A RAFT of Victorian research projects is aiming to create a genetics-led solution to dairy farm sustainability. Agriculture Victoria research director of genomics and cellular sciences Professor Jennie Pryce introduced the research at the Genetics Australia 2024 Today, Tomorrow and Beyond conference at Geelong, Vic, on March 18. She said Dr Rob Banks, from the University of New England, described genetic selection as a really cost-effective solution to almost any issue in the plant or animal breeding industries.

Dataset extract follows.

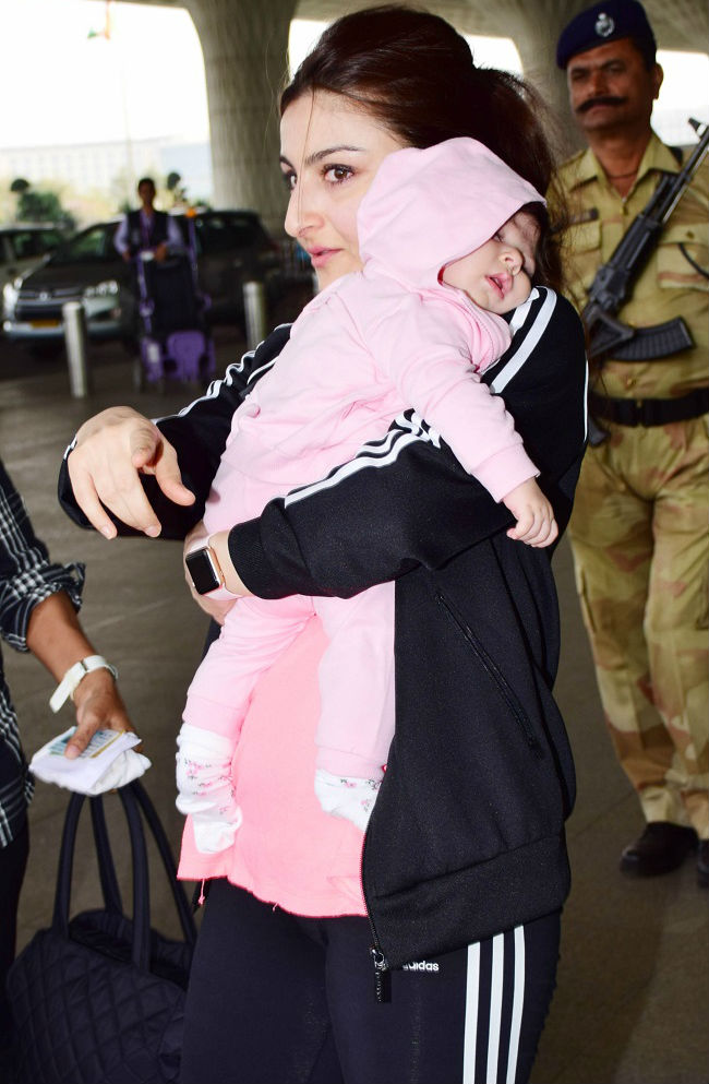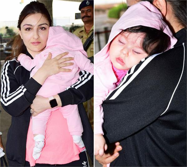 ਮੁੰਬਈ : ਬਾਲੀਵੁੱਡ ਅਭਿਨੇਤਰੀ ਸੋਹਾ ਅਲੀ ਖਾਨ ਪਹਿਲੀ ਵਾਰ ਬੇਟੀ ਇਨਾਇਆ ਨਾਲ ਏਅਰਪੋਰਟ 'ਤੇ ਦਿਖਾਈ ਦਿੱਤੀ। ਇਸ ਦੌਰਾਨ ਸੋਹਾ ਦੀ ਗੋਦ 'ਚ ਇਨਾਇਆ ਬੇਹੱਦ ਕਿਊਟ ਨਜ਼ਰ ਆ ਰਹੀ ਸੀ। ਦਰਸਅਲ, ਜਦੋਂ ਇਹ ਤਸਵੀਰਾਂ ਲਈਆਂ ਜਾ ਰਹੀਆਂ ਸਨ ਤਾਂ ਉਦੋਂ ਇਨਾਇਆ ਮੰਮੀ ਦੀ ਗੋਦ 'ਚ ਆਰਾਮ ਕਰ ਰਹੀ ਸੀ।ਇਨਾਇਆ ਦੀਆਂ ਇਹ ਕਿਊਟ ਤਸਵੀਰਾਂ ਦੇਖਣ ਤੋਂ ਬਾਅਦ ਇਹ ਕਹਿਣਾ ਗਲਤ ਨਹੀਂ ਹੋਵੇਗਾ ਕਿ ਉਹ ਕਿਊਟਨੈੱਸ ਦੇ ਮਾਮਲੇ 'ਚ ਕਰੀਨਾ ਕਪੂਰ ਦੇ ਬੇਟੇ ਤੈਮੂਰ ਨੂੰ ਟੱਕਰ ਦੇਣ ਵਾਲੀ ਹੈ।

"This really sums up to me the power of genetics," Professor Pryce said. The dairy industry had used genetics to really great effect for more than half a century. Genetics had improved production efficiency and animal welfare and reduced the industry's environmental footprint.
But the big driver for genetic change had been a technology commercially introduced in 2008 - genomics, Professor Pryce said. "Now it is literally worth billions of dollars through plant and animal breeding globally," she said. Genomics had doubled the rate of genetic gain in dairy sires and had helped turnaround declining cow fertility.
Ginfo, a large-scale genotyping project using a reference population of more than 150 commercial dairy herds with excellent records, had boosted the development of genomics in Australia. Professor Pryce said genomics had underpinned many of the new breeding values, such as heat tolerance, health traits, gestational length and, most recently, the sustainability i.